O ofício como vetor de prosperidade, não como plano de contingência
Há uma dimensão do anúncio da Lowe's que nenhuma análise financeira capta totalmente: a reabilitação pública do ofício como um caminho digno de vida. Ellison o colocou sem eufemismos: "Esses ofícios são uma maneira de construir riqueza significativa com muito menos dívida."
Isso não é marketing. É o diagnóstico apropriado de um problema que as empresas do setor tiveram ao longo de décadas e preferiram ignorar: que a escassez de trabalhadores qualificados era, em parte, o resultado da falta de defesa ativa da legitimidade cultural desses trabalhos. Cleveland Roberts, aluno do Columbus Technical College na Geórgia e proprietário da CR Woodworx, que ganhou a medalha de ouro na competição SkillsUSA 2024, é o tipo de história que deveria ter sido visível muito antes de a escassez se tornar sistêmica.
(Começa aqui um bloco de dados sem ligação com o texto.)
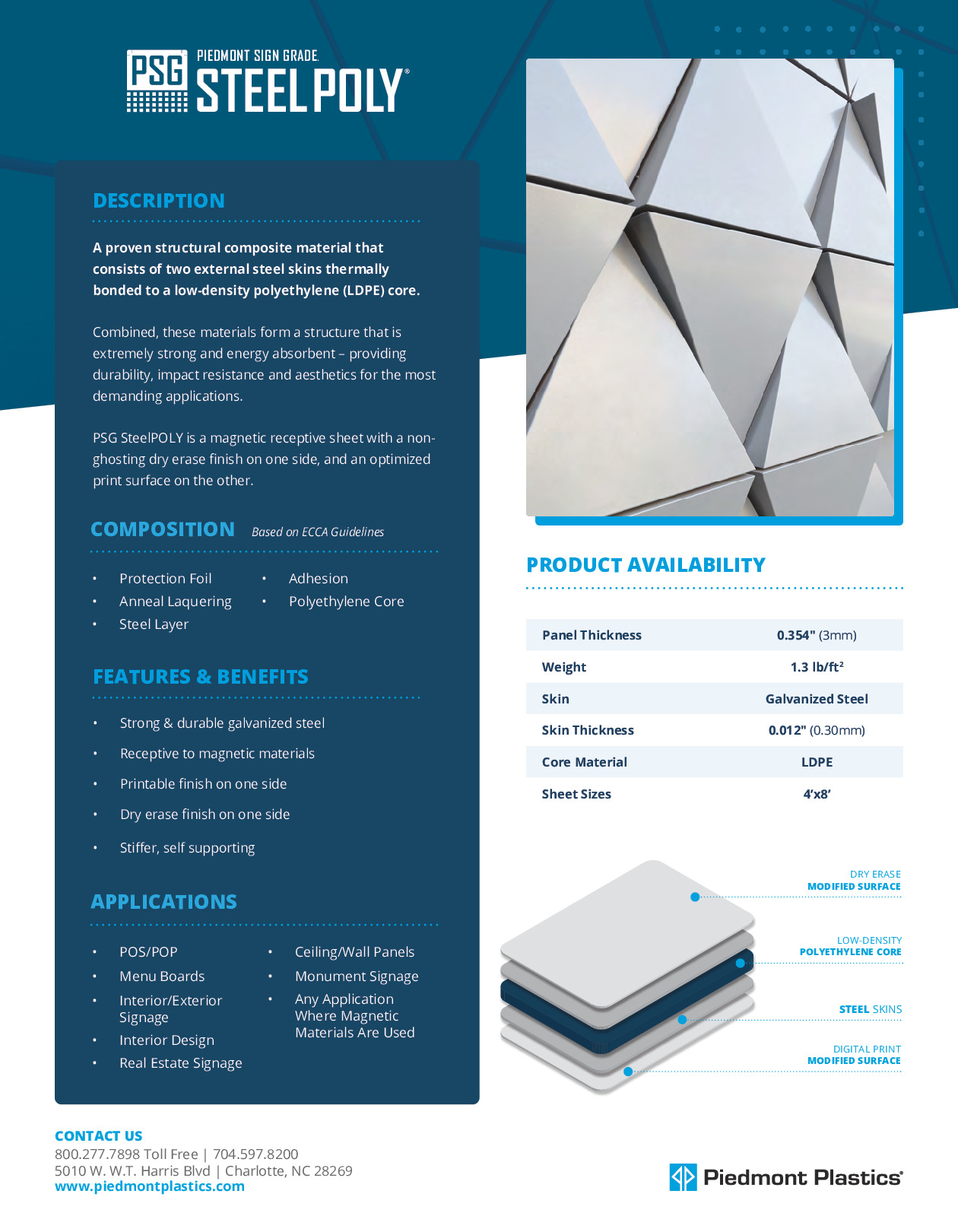 Piedmont Plastics is your trusted plastic sheet distributor and supplier of steel composite material. Also known as SCM, our steel composite is a proven structural composite material featuring two external steel skins thermally bonded to a polyethylene core. This combination creates a strong, durable, and aesthetically pleasing material perfect for a variety of demanding applications, from displays and signage to interior design.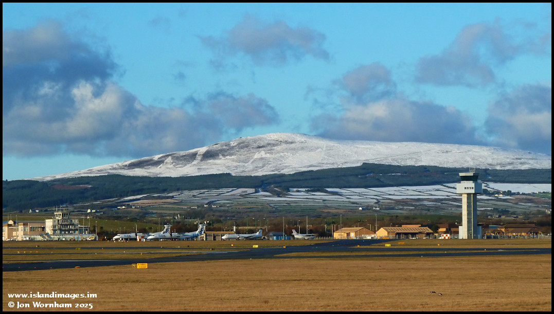 Third Ronaldsway picture in a row! This is looking across the airport from the Derbyhaven side with a snow covered South Barrule behind on the 8th of December 2010, with both old and new control towers in shot.
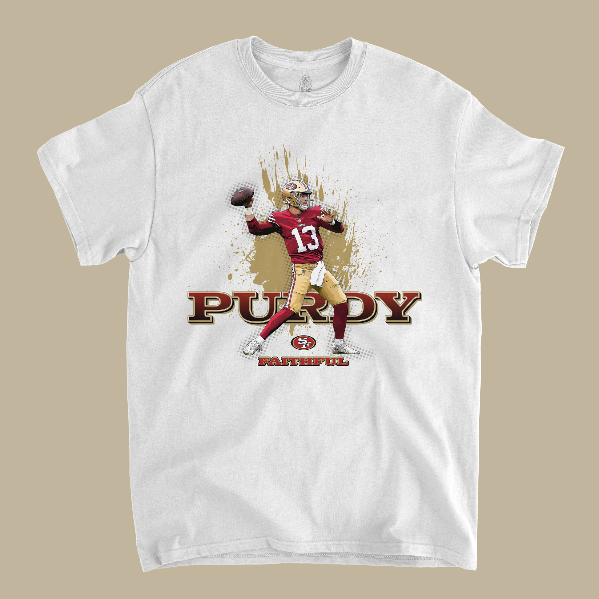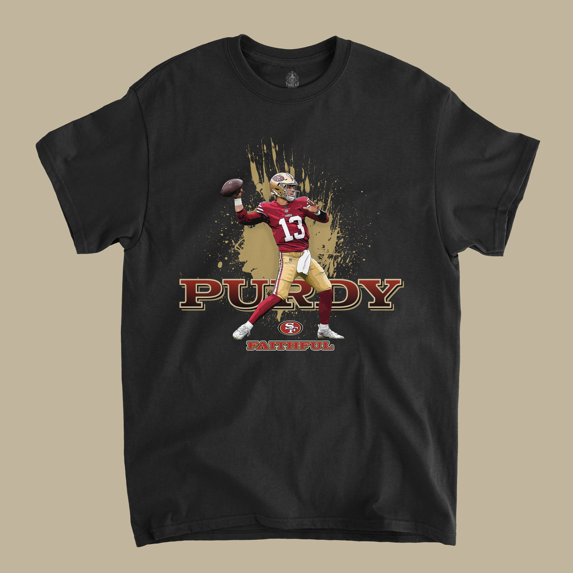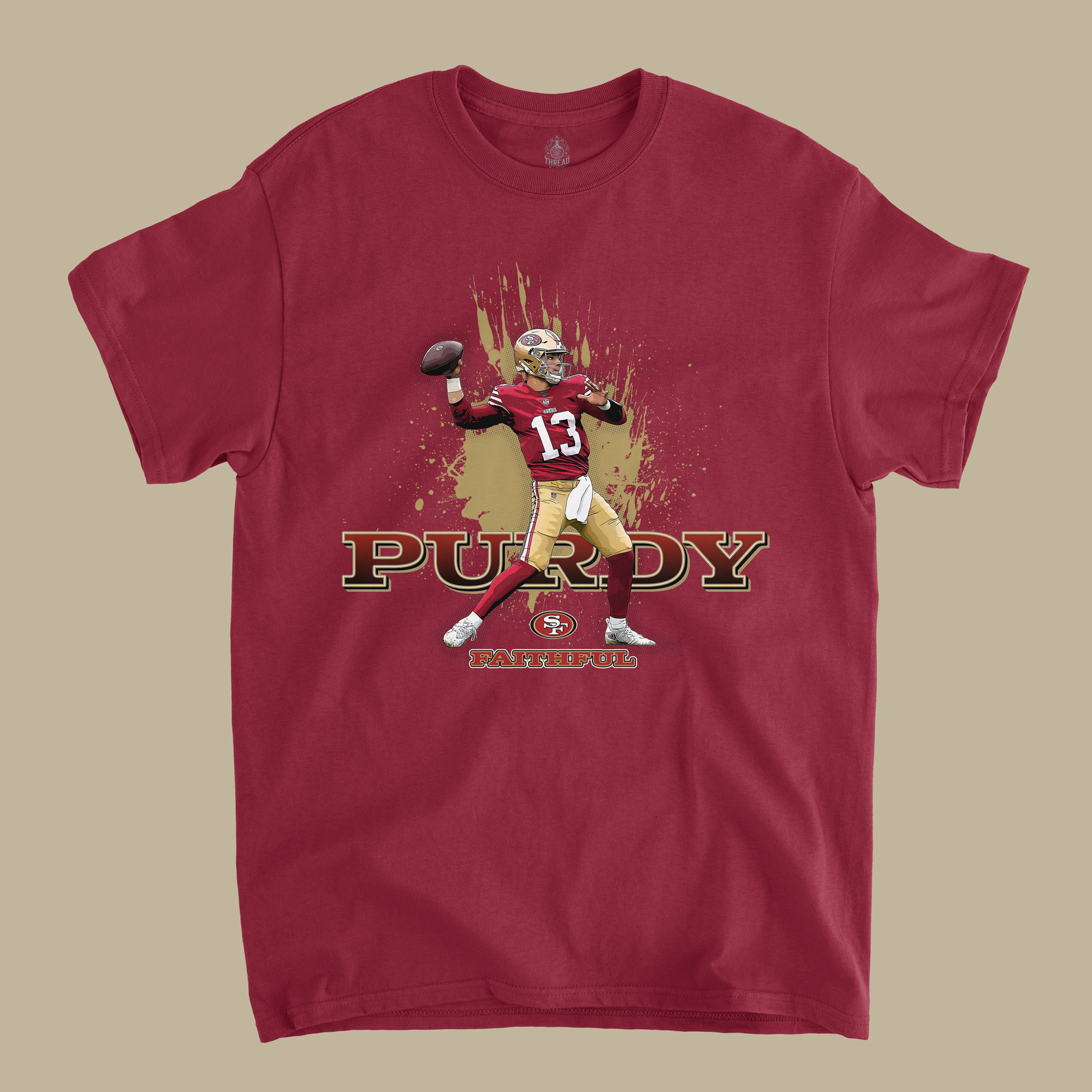 This design features s an eye-catching image of Brock Purdy in a powerful throwing form, captured mid-motion, with his arm extended, ready to launch the football. The dynamic splatter background bursts with energy, blending shades of red, gold, and black, giving the design a gritty, action-packed feel. Across the top, "Purdy" is printed in bold, oversized letters, making a strong statement in the San Francisco 49ers' signature colors. The combination of the dynamic pose, energetic splatter effect, and bold lettering creates a standout look, perfect for fans wanting to show off their support for the team's rising quarterback.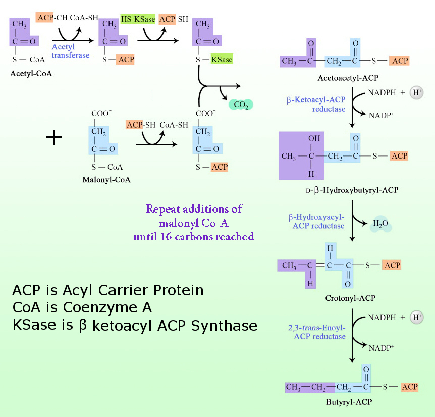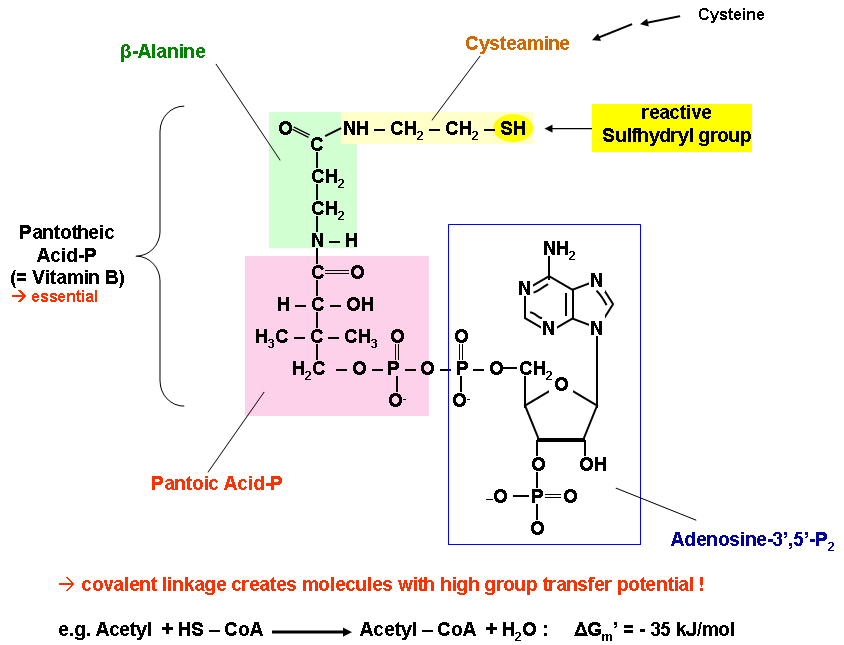 carbon, via Coenzyme A (which is H-S-CoA) as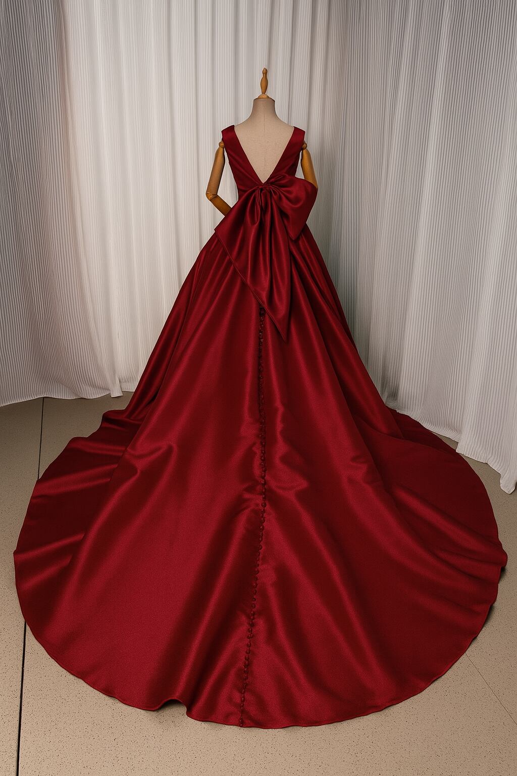 カラードレス ボルドー色 ノースリーブ ミカドサテン ふっくら柔らかなバックリボン クラシカル 花嫁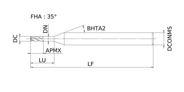 (Fresa con lunghezza tagliente corta, 4 taglienti, per lavorazioni profonde)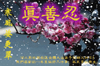 在这元旦之际,向我们日夜思念的慈悲伟大的师尊问候,恭祝师尊元旦快乐! 弟子敬献诗词二首: 如梦令(宋词 外一首) 无悔 大梦已醒明慧,兑现誓约无愧。大戏将闭幕,戏中轮回无悔。尊贵,尊贵,修炼如初荣归。 互助 法徒遇难互助,整体升华同步。展慈悲风采,且看寒梅铁骨。得度,得度,仰仗师尊呵护。 河北省廊坊法轮功学员恭祝慈悲伟大的师尊新年快乐!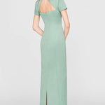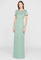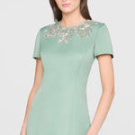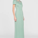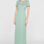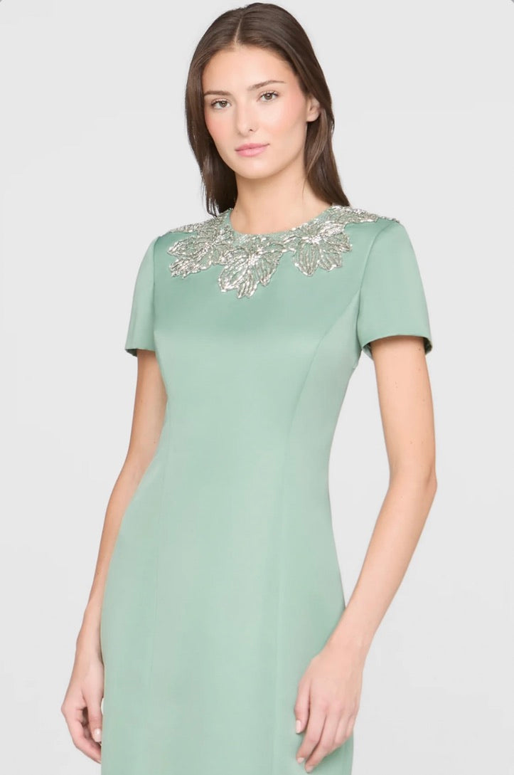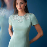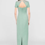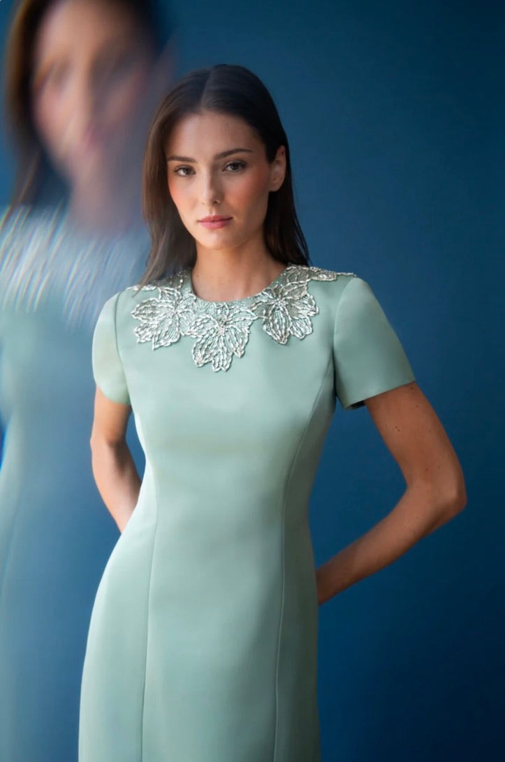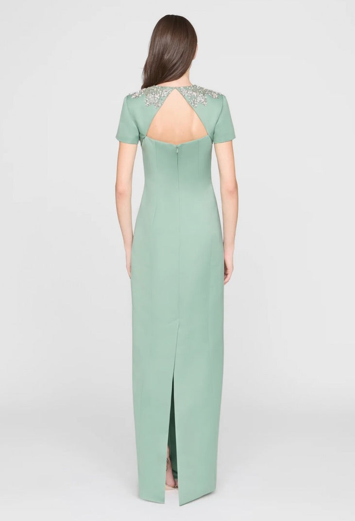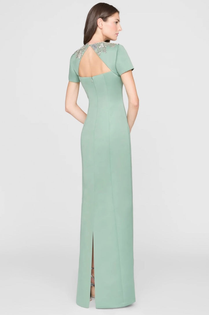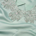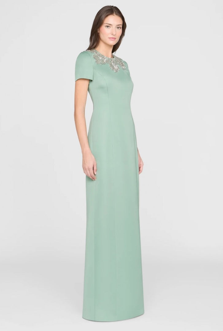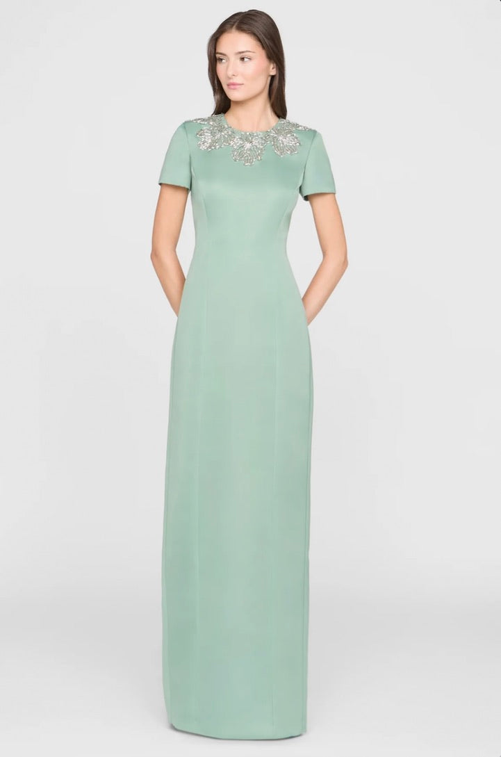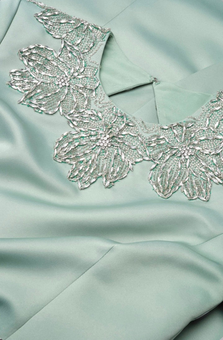 This sleek duchess satin gown in a fresh hue carries a clean, subtly luminous finish. Hand-embroidered floral beading frames the neckline like fine jewelry, while a modern back detail adds an unexpected edge. A stunning choice for black-tie weddings and formal celebrations.
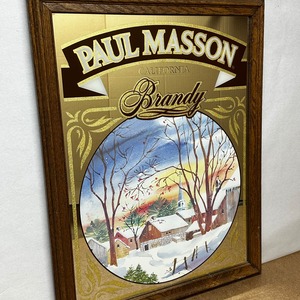 フォルニアのスパークリングワインで知られるポール・マッソンを象徴するヴィンテージパブミラーです。オーク材の温かみあるフレームに包まれた鏡面には、雪景色の中に佇むお家と木々の美しいイラストが描かれ、見る人の目を引きます。
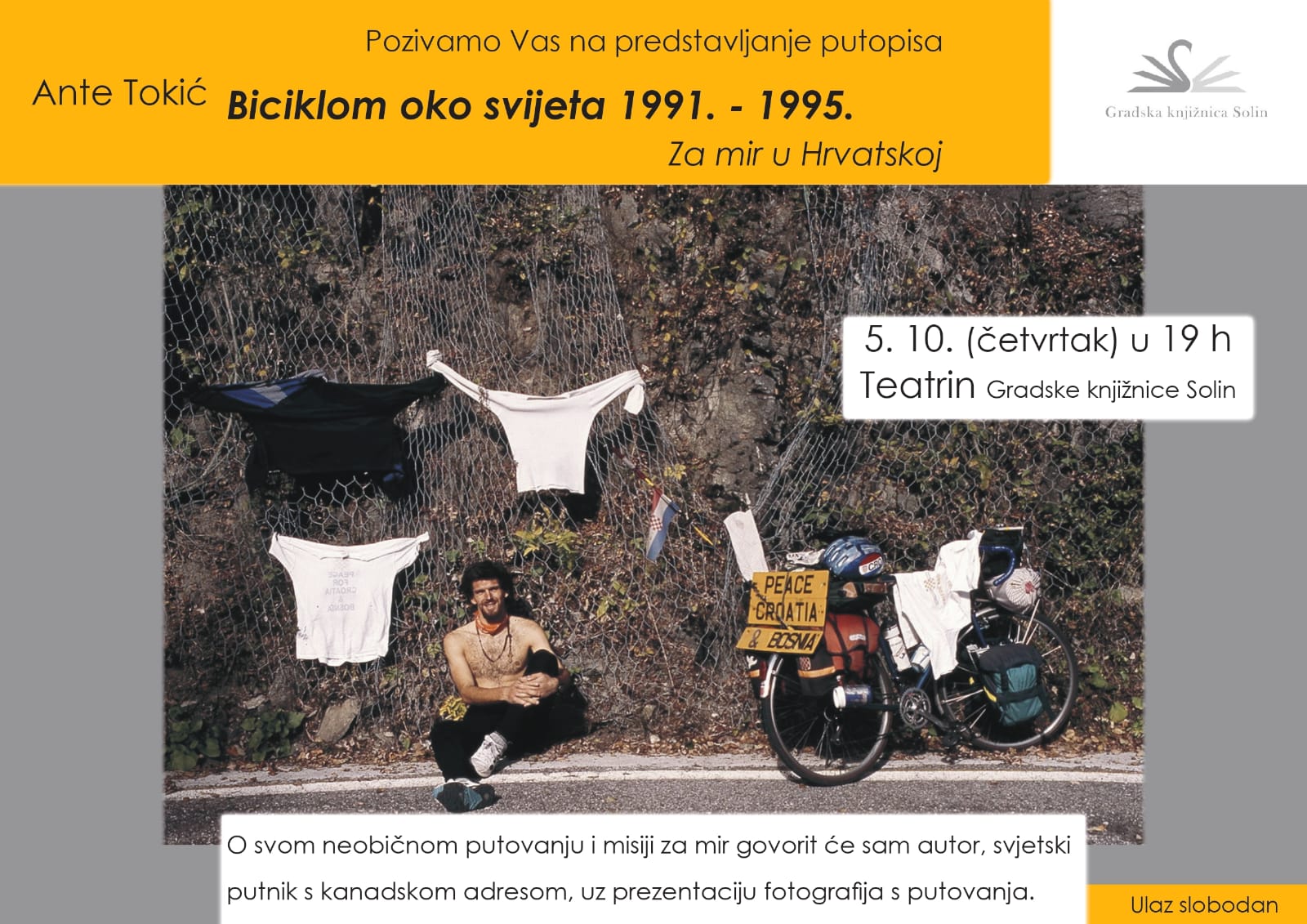 U Teatrinu Gradske knjižnice Solin 5. listopada (četvrtak) s početkom u 19 h održat će se predstavljanje knjige Ante Tokića “Biciklom oko svijeta 1991. – 1995.: Za mir u Hrvatskoj”. O svom neobičnom putovanju i misiji za mir govorit će sam autor, svjetski putnik s kanadskom adresom, uz prezentaciju fotografija s putovanja.

A pergunta que cada organização que opera em cadeias que dependem de talentos especializados deve se fazer não é se deve investir em formação. É quantos anos está adiando essa conversa porque era mais conveniente absorver o custo da escassez do que modificar a arquitetura do sistema que a produz.
A cultura de uma organização não é o que declara em seu relatório anual. É o resultado acumulado de todas as decisões que sua liderança tomou quando ninguém estava olhando e de todas as conversas difíceis que escolheu não ter porque o trimestre ainda fechava em verde. A Lowe's levou décadas para fazer esse movimento, como o restante da indústria. Mas a magnitude da aposta atual e a velocidade com que escala uma meta já alcançada são o tipo de sinal que distingue uma organização que aprendeu com seu silêncio daquelas que apenas mudaram o tom de seu comunicado de imprensa.